[Dataset excerpts]

=-=-=

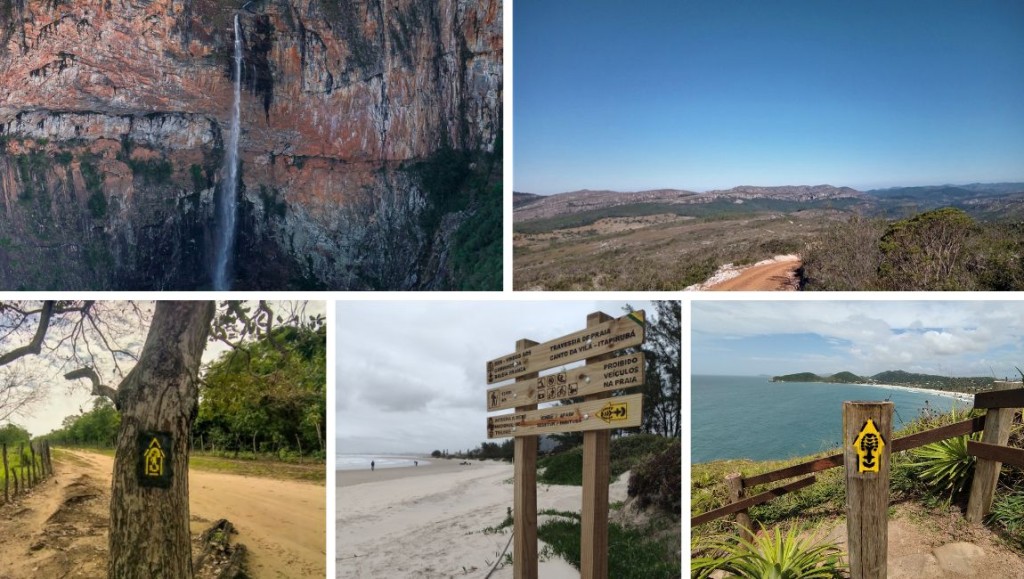 • Trilha Caminhos da Baleia Franca (Santa Catarina): descubra a beleza da costa catarinense! Esse trajeto abrange mais de 50 Km e abarca municípios turísticos de destaque, onde a Mata Atlântica encontra lagoas e praias paradisíacas. As trilhas e caminhos locais guardam histórias e um rico patrimônio, emoldurados por dunas, morros, lagunas, promontórios, ilhas, costões rochosos e banhados.
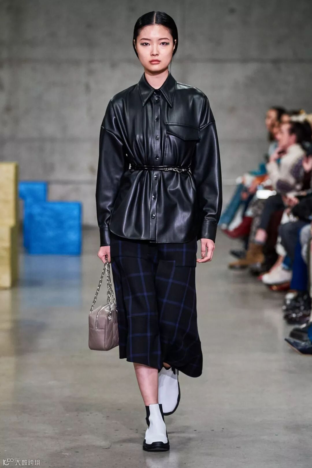 19秋冬大秀上的这件皮衬衣廓形宽大,胸前缝有单只口袋。不妨配搭羊毛或真丝单品,大胆玩转材质对比。
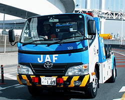 JAFの出動後は、ロードサービスカーの「現在地」や「到着時間」も確認できるので、安心してお待ちいただけます。
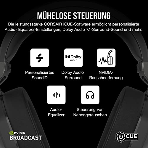Corsair HS65 WIRELESS Gamingowy Zestaw Słuchawkowy – 2,4 GHz o Niskim Poziomie Opóźnień Lub Bluetooth, Dźwięk Przestrzenny Dolby® Audio 7.1, Lekki, Mi
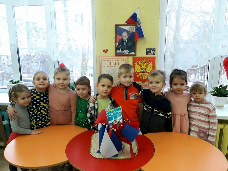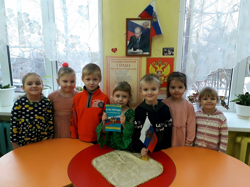 12 декабря празднуется важнейший из государственных праздников — День Конституции Российской Федерации. Уже в дошкольном возрасте мы знакомим детей с основными положениями Конституции, воспитываем любовь, уважение и гордость к Родине. В этот праздничный день воспитанники группы " Улыбка " узнали, что Конституция - это самый главный закон страны, в котором описаны все права и обязанности граждан страны. Его обязаны соблюдать все : и Президент страны, и взрослые , и дети. А мы все- граждане России.
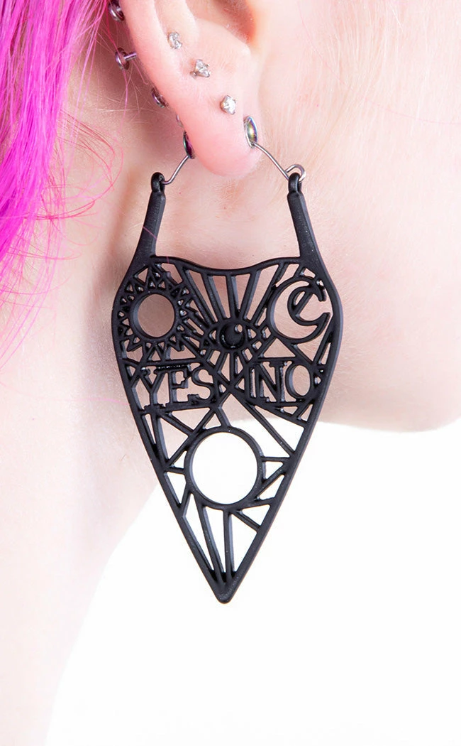 These gorgeous planchettes are an openwork design, stating “yes” and “no” and cast in light black silicone.聽 The hools are surgical steel so super safe for your ears.

=-=-=

What is required:
With the pictures omitted, repeat the full set of records above exactly.

Response area:
 • Trilha Caminhos da Baleia Franca (Santa Catarina): descubra a beleza da costa catarinense! Esse trajeto abrange mais de 50 Km e abarca municípios turísticos de destaque, onde a Mata Atlântica encontra lagoas e praias paradisíacas. As trilhas e caminhos locais guardam histórias e um rico patrimônio, emoldurados por dunas, morros, lagunas, promontórios, ilhas, costões rochosos e banhados.
 19秋冬大秀上的这件皮衬衣廓形宽大,胸前缝有单只口袋。不妨配搭羊毛或真丝单品,大胆玩转材质对比。
 JAFの出動後は、ロードサービスカーの「現在地」や「到着時間」も確認できるので、安心してお待ちいただけます。
Corsair HS65 WIRELESS Gamingowy Zestaw Słuchawkowy – 2,4 GHz o Niskim Poziomie Opóźnień Lub Bluetooth, Dźwięk Przestrzenny Dolby® Audio 7.1, Lekki, Mi
 12 декабря празднуется важнейший из государственных праздников — День Конституции Российской Федерации. Уже в дошкольном возрасте мы знакомим детей с основными положениями Конституции, воспитываем любовь, уважение и гордость к Родине. В этот праздничный день воспитанники группы " Улыбка " узнали, что Конституция - это самый главный закон страны, в котором описаны все права и обязанности граждан страны. Его обязаны соблюдать все : и Президент страны, и взрослые , и дети. А мы все- граждане России.
 These gorgeous planchettes are an openwork design, stating “yes” and “no” and cast in light black silicone.聽 The hools are surgical steel so super safe for your ears.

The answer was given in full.